Alice’s mood sank still further. The boys would be going East to their great-great-aunt. She knew that Dillen would have made a wonderful father, but the decision was not hers. All she could do was tell Mr. Roberts that she was more than willing to take the boys temporarily or to adopt them if Dillen found he could not care for them.
The train whistle sounded low and mournful. Alice checked her hatpins and pressed two fingers to the ornate shell cameo at her throat. Then she lifted her traveling case and stepped from the depot to the platform. There was no one to kiss her goodbye. She managed to hold back the sobs, but not the tears. She glanced over her shoulder for Dillen and then propelled herself into the car, taking her seat beside the window. She was still searching for one last look at him as the whistle blew and the train inched from the station.
Chapter Thirteen
Dillen reached the ranch dragging a ten-foot pine behind Dasher. But he found the house empty. Further searching led him to discover the sleigh, Bill Roberts, Alice and the boys all gone. The accumulation had covered their tracks, but now that he was looking, he realized they were heading for town. He sliced the rope holding the tree, turned about and met Bill right at the edge of town coming back empty.

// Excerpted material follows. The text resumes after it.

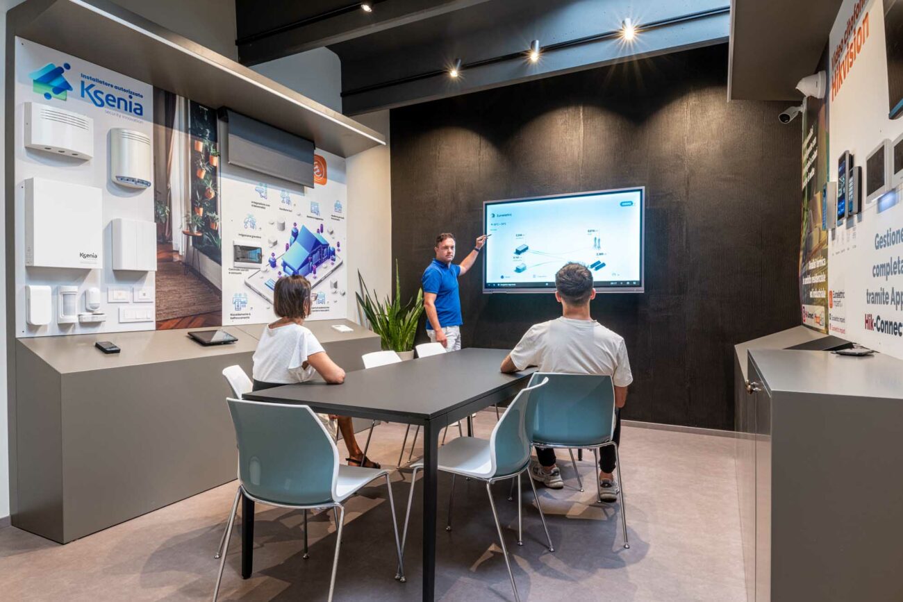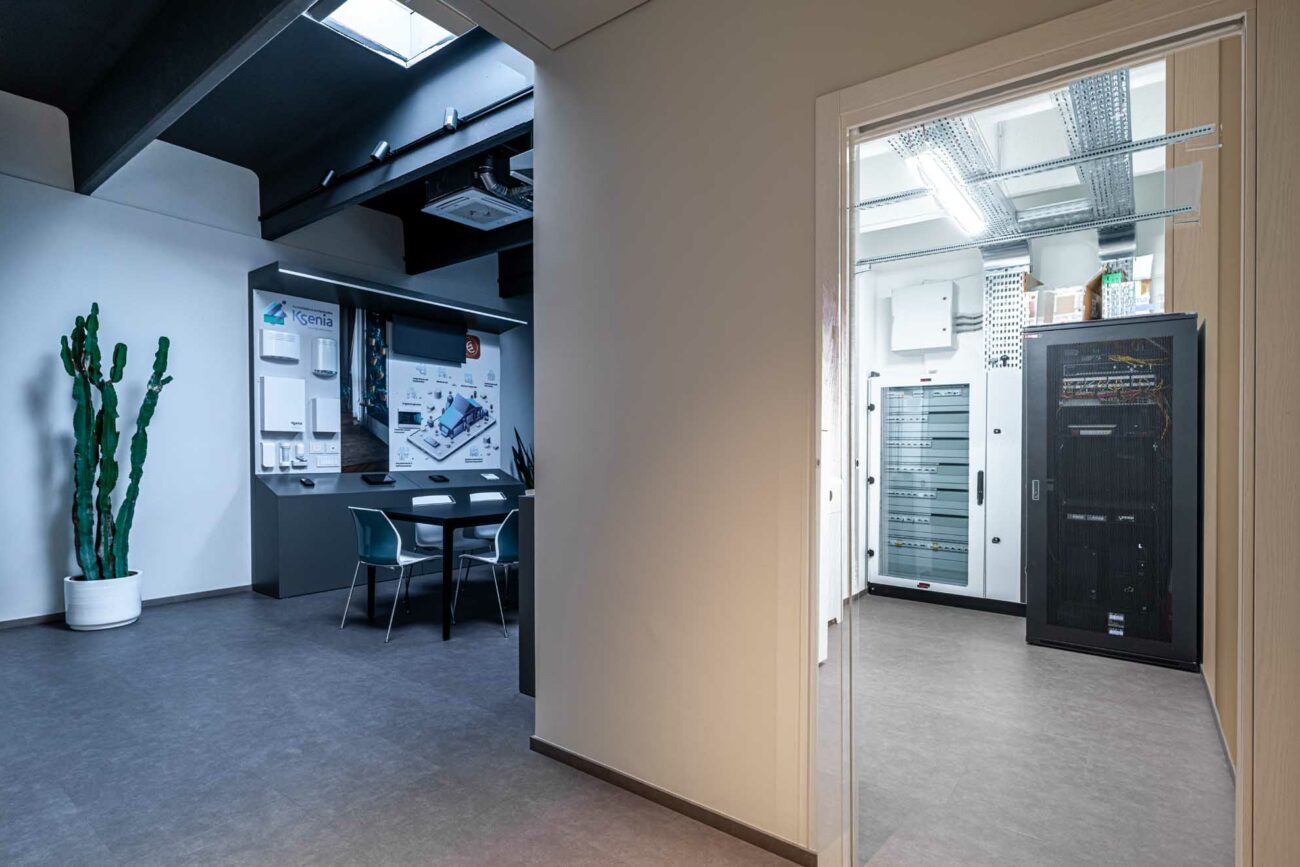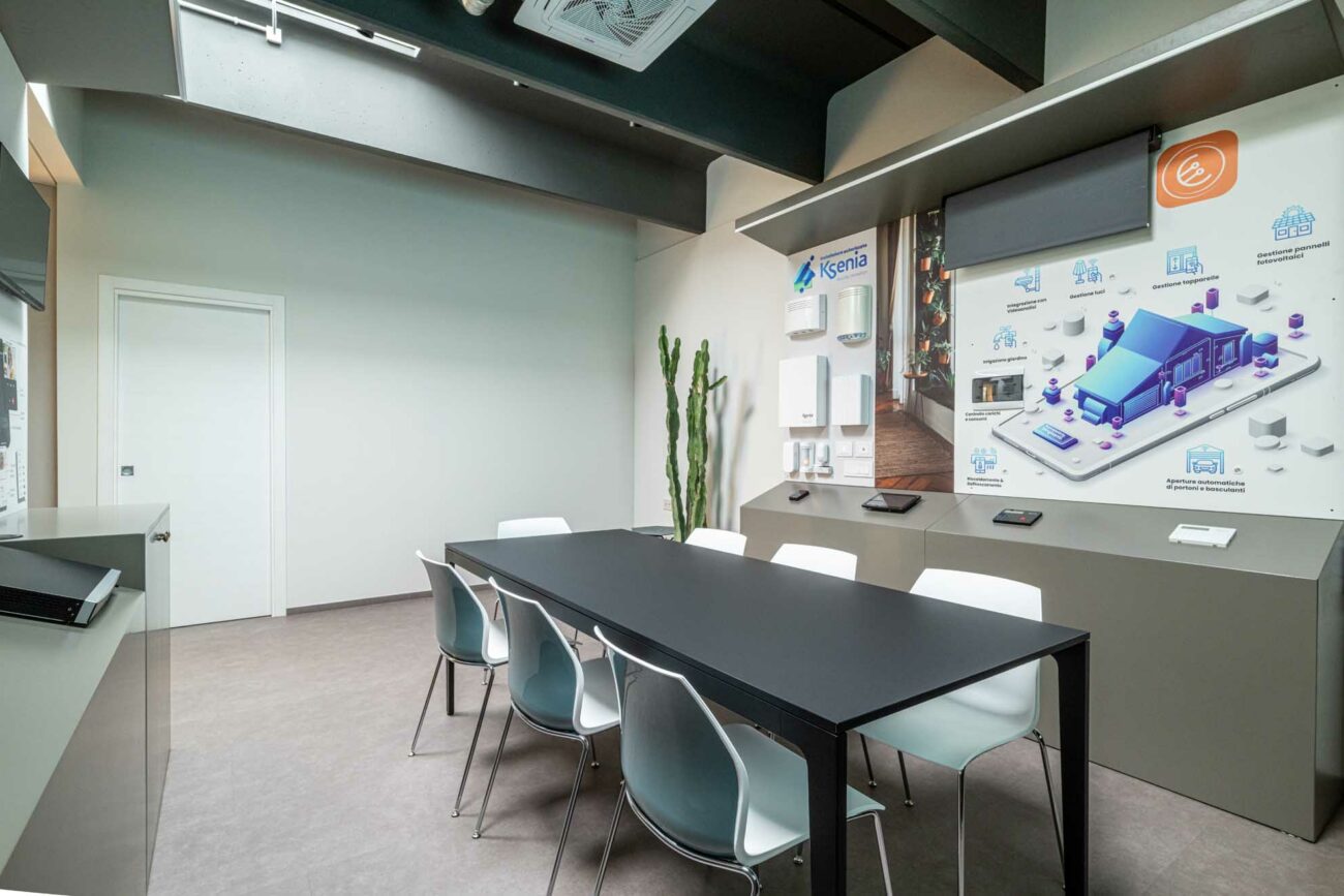 - Showroom aziendale, progettato con espositori su misura e completato da un’area meeting. La parete di fondo, caratterizzata da una finitura scenografica di Resinalab (https://www.resinalab.com/), è attrezzata con schermo per le presentazioni.

“Where’s Alice and the boys? Shopping again?”
Roberts gave him a hard look. “If you made indecent proposals to that woman, I swear I’ll climb down off this sled and bust open your nose.”
A chill went through Dillen as he realized something was very wrong.
“Bill, where is she? Where are the boys?”
“The boys are at my niece’s and Alice is on a train for Denver with a connection to Omaha. What the Sam Hill did you do to that woman to send her packing?”
Dillen heard the train whistle. “She’s on board?”
Roberts nodded.
Dillen lifted his reins.
“Where you going? It’s too late. Train’s gone!”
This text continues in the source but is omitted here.